Сердце забилось в ее груди. После того памятного свиданья, когда они излили друг другу свои чувства, теперь они в первый раз встречались с глазу на глаз, и оба стояли молча, подавленные нахлынувшими впечатлениями о той упоительной, но тягостной минуте…
Иероним первый овладел собой.
— Простите, что я вас потревожил. Я рассчитывал найти здесь графа и пана Яна.
— Вы у нас всегда желанный гость и прекрасно это знаете, мистр Иероним, а все-таки я должна вас побранить за неосторожность, — с ласковой улыбкой сказала она, протягивая ему руку, которую тот поцеловал.
— Я просил охранного листа у собора и не получил ответа. Неизвестность и тоска бездействия стали мне так невыносимы в том гнезде, где я скрывался, что я решил сам явиться за сведениями в Костниц.
— Но ведь вы рискуете жизнью, — испуганно сказала Ружена.
Горькая усмешка шевельнула его губы.
— Жизнью? Надо же когда-нибудь, чтобы и ей пришел конец, — ответил Иероним, и глубокая скорбь зазвучала в его голосе.
— Да, конец, предначертанный Богом, а не вызванный легкомыслием.
Разговаривая, они сели у окна.
На последние слова Ружены Иероним ничего не ответил; опустив голову, он задумался, и в памяти его, как в панораме, воскресла его скитальческая жизнь, полная приключений, опасностей, борьбы и успехов, но лишенная покоя и счастья. Истинное же блаженство, тот пленительный призрак домашнего очага, у которого он отдохнул бы душой и телом, был здесь, рядом с ним, но отделенный непреодолимой преградой.

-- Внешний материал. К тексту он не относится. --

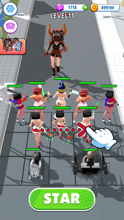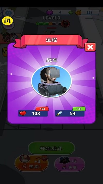 2、通过合并厕所泰坦、女摄像人和女电视人,创建你独一无二的战队。不同角色有着独特的特性和技能,你需要巧妙搭配他们,制定最佳的战略。
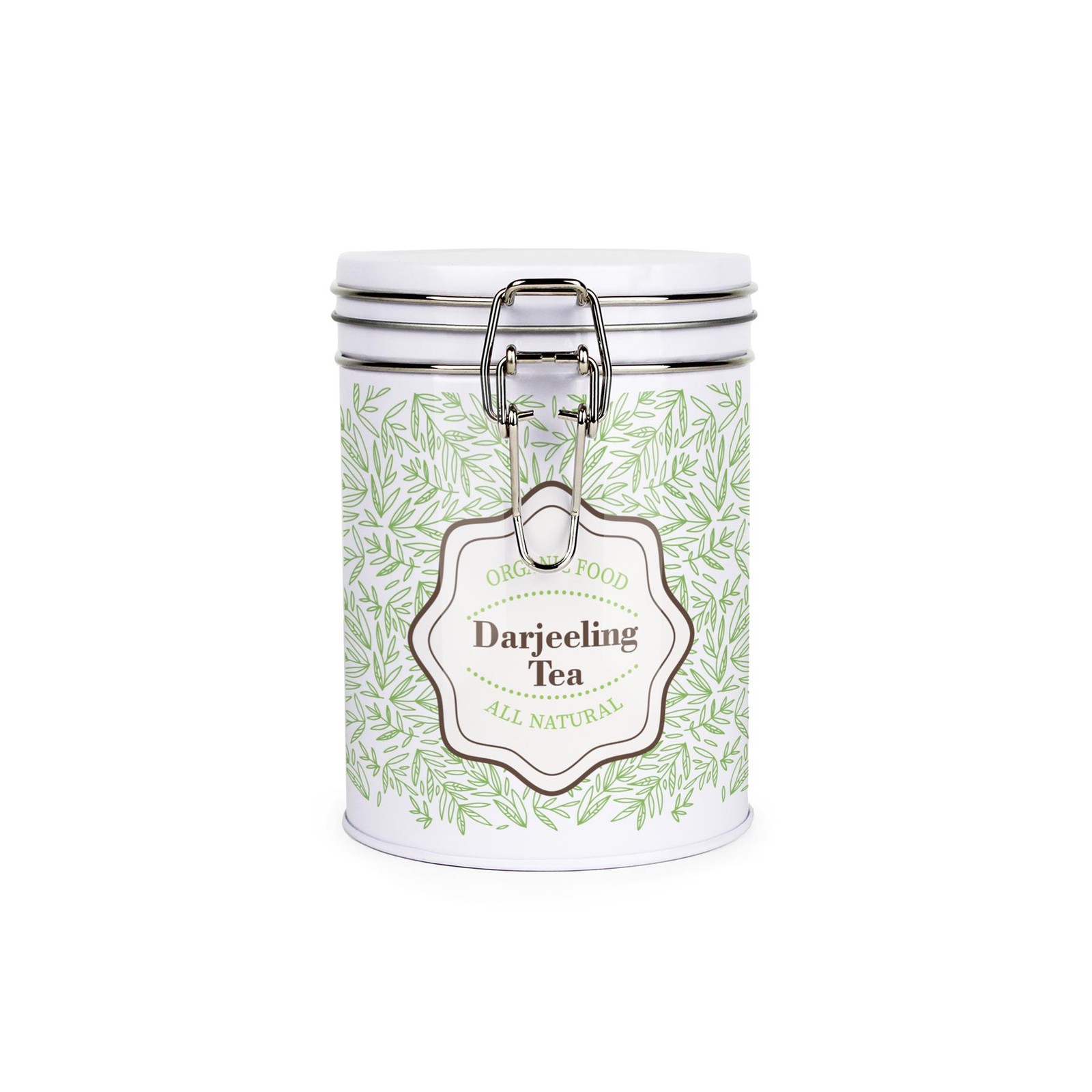 Organic Green Leaves Hot Drinks Canister - Darjeeling Tea Clip-Lid Storage Tin

Капризная судьба, словно в насмешку, указала на это сокровище, даже позволила коснуться, а потом снова отняла, указав ему: „Прочь! Иди одиноко по своему пути к цели неведомой!” В эту минуту Иероним почувствовал, что устал жить, и страшная горечь наполнила его душу.
Спохватившись, что его долгое молчание могло показаться обидным молодой графине, он собрался, с присущей ему рыцарской любезностью, загладить невольную неловкость, и в эту минуту его глаза встретились с глазами Ружены. В ее пугливом взоре светилась любовь и участие.
Иероним тотчас же понял, что он еще не совсем забыт, что бессознательно, может быть, но в глубине этой чистой души был где-то уголок, где царил он и где для него сберегли привязанность. Бледное лицо его вспыхнуло легким румянцем, он схватил руку Ружены и тихо спросил:
— Вы не хотите, чтобы я умирал?
Рука Ружены задрожала в его руке.
— Нет, не хочу! Я хочу, чтобы вы жили для Чехии, для вашего святого дела и для…. друзей, которые вас любят, — подавив волнение, сказала она, и нежная ласка слышалась в ее торопливом шепоте.
Глаза Иеронима заблестели тихой, спокойной радостью.
— Ваше желание для меня закон. Я уезжаю сегодня же и вернусь на родину.
— О! Благодарю вас! — радостно вскричала она.